- Court: New Jersey Superior Court
- Full case name: Milgram v. Orbitz Worldwide, LLC
- Decided: August 26, 2010
- Citation: Milgram v. Orbitz Worldwide, LLC, ESX-C-142-09 (N.J. Super. Ct. Aug. 26, 2010)

Court membership
- Judge sitting: Hon. Patricia K. Costello

Case opinions
- CDA § 230(c)(1) precludes liability where the duty that the plaintiff alleges the defendant violated derives from the defendant's status or conduct as a publisher or speaker. The name or wording of the cause of action, and whether the defendant is a commercial actor, are not dispositive. Where objectionable content is not supplied, required, or requested by a defendant, the defendant is not an information content provider under the CDA, even if it performs traditional editorial functions such as selective deletion or alteration of user content.

Keywords
- CDA § 230; Federal preemption; Fraud; Misrepresentation;

= Milgram v. Orbitz =

U.S. court case

In Milgram v. Orbitz Worldwide, LLC, the New Jersey Superior Court held that online ticket resellers qualified for immunity under Section 230 of the Communications Decency Act (CDA), and that such immunity preempted a state law consumer fraud statute. The opinion clarified the court's test for determining whether a defendant is acting as a publisher, the applicability of the CDA to e-commerce sites, and the extent of control that an online intermediary may exercise over user content without becoming an "information content provider" under the CDA. The opinion was hailed by one observer as a "rare defeat for a consumer protection agency" and the "biggest defense win of the year" in CDA § 230 litigation.

==Background==
===Factual background===
TicketNetwork was a software company that operated TicketNetwork Exchange, an "online marketplace" for ticket resales. Third-party sellers (ranging from individuals to professional ticket brokers) could list tickets for sale, and buyers could search for and purchase tickets directly from these sellers. At no point did TicketNetwork possess the actual tickets for sale. Orbitz Worldwide, LLC owned CheapTickets and operated CheapTickets Exchange, an online marketplace site similar to the TicketNetwork Exchange. Orbitz entered an agreement with TicketNetwork that made CheapTickets' listings available on the TicketNetwork Exchange.

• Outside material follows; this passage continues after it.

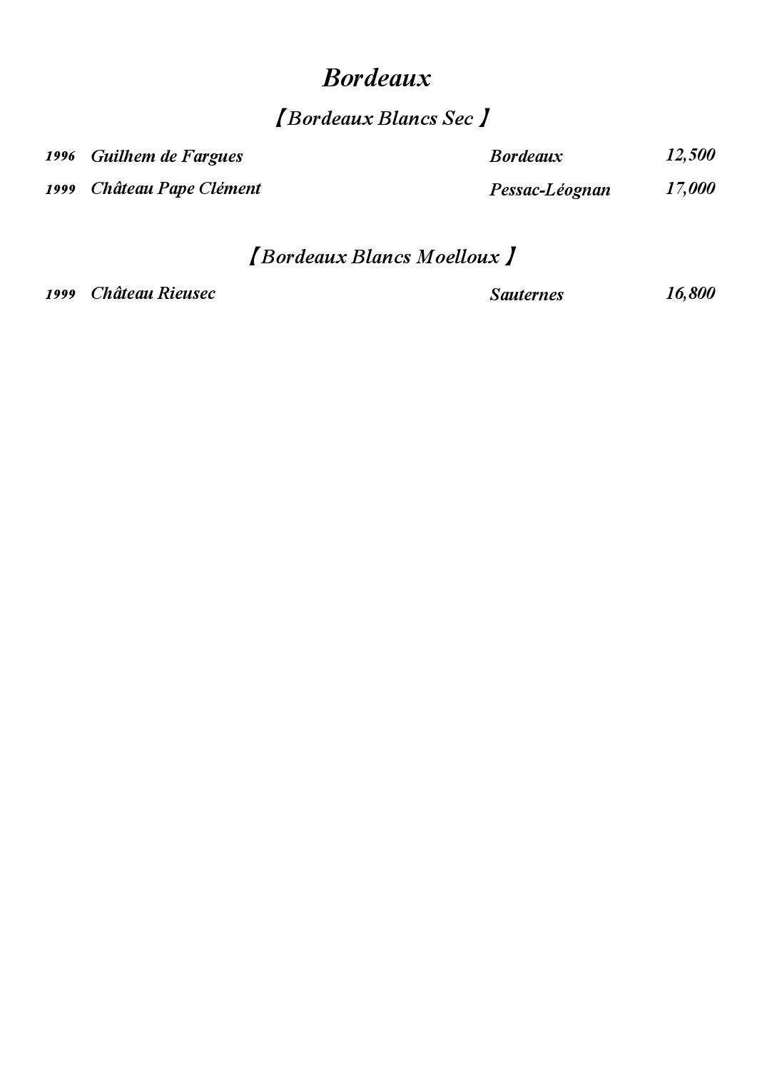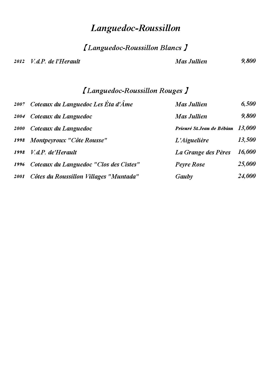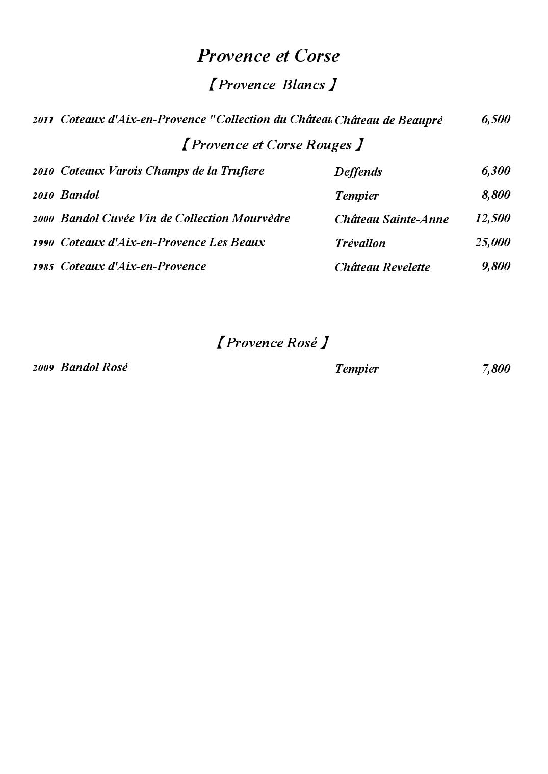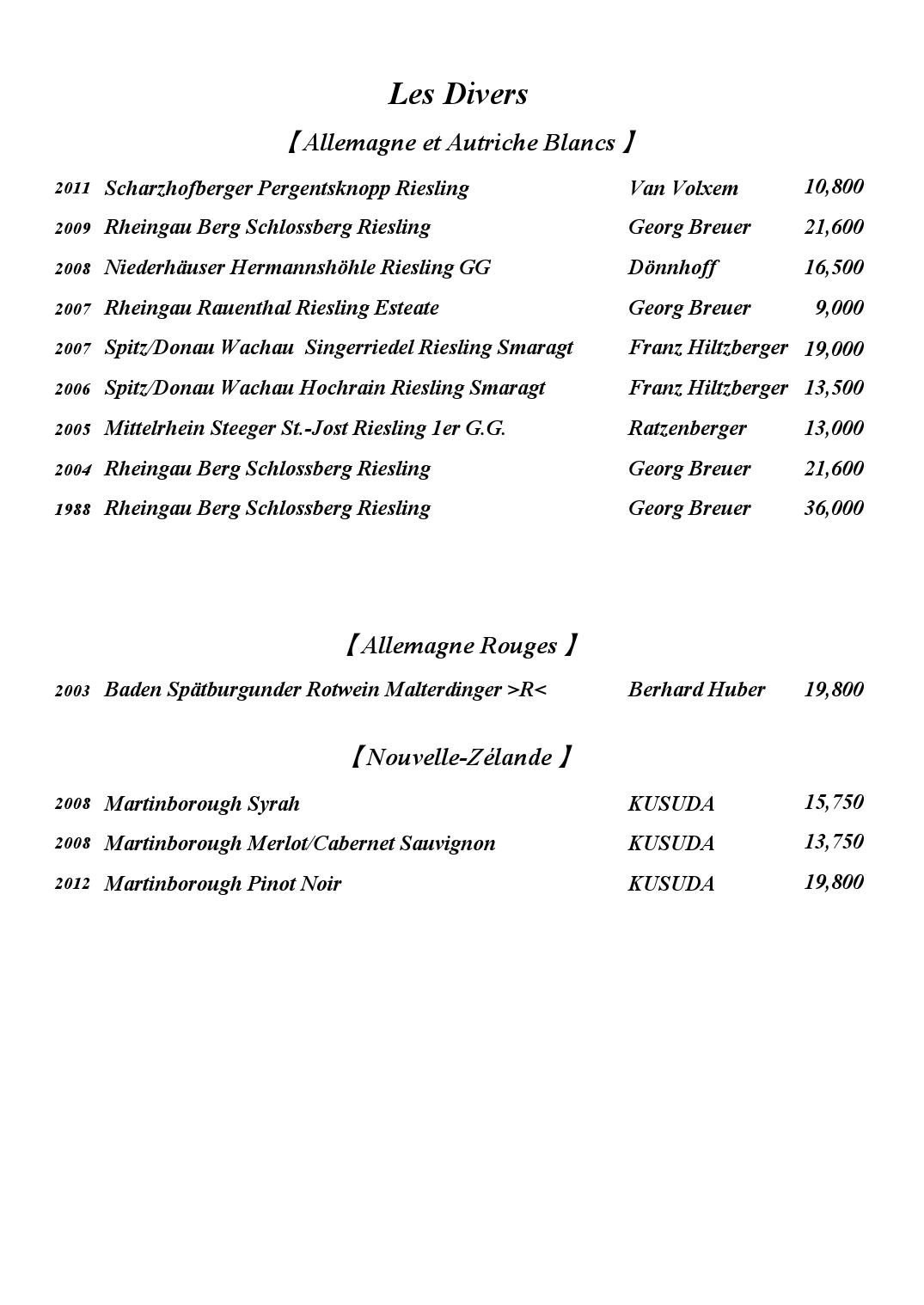 <シャンパーニュ> 2005フェルナン・ヴォーヴェルサン・GC・EXブリュット・ブラン・ド・ブラン/オジェ¥12,600 2004ピエール・モンキュイ・″ニコラ・モンキュイ″・GC・ブラン・ド・ブラン¥17,500 S.A.ピエール・カロ″クロ・ジャカン″/アヴィズ¥21,000 <ブルゴーニュ・白> 1982シャサーニュ・モンラッシェ/フェルナン・ショーヴ¥29,800 2004モンテリー・レ・シャン・フリオ/ルーロ¥13,650 2010コルトン・シャルルマーニュ/デュブレール¥25,000 2011シャサーニュ・モンラッシェ・モルジョ/シャントリーヴ¥14,700 <ブルゴーニュ・赤> 1971ヴォルネイ・クロ・ド・ラ・ブス・ドール/プス・ドール¥78,000 1979ポマール・レ・ザリジエール/ルジューヌ¥29,800 1986ポマール・レ・リュジャン/フェリックス・クレルジェ¥24,000 1997シャサーニュ・モンラッシェ・モルジョ/プリュール・ブリュネ¥15,750 2008ボーヌ・ソン・ヴィーニュ/アルベール・モロ¥8,800 <ローヌ>

Although neither network guaranteed the accuracy of ticket listings or the availability of tickets, TicketNetwork's "Broker Guidebook" required sellers to accurately list the seat location printed on the tickets for sale, and prohibited the sale of tickets the seller did not own at the time of listing. TicketNetwork also guaranteed buyers on its Exchange a row and seat equal or better to the one purchased, and offered a full reimbursement if the tickets did not arrive in time or were not valid.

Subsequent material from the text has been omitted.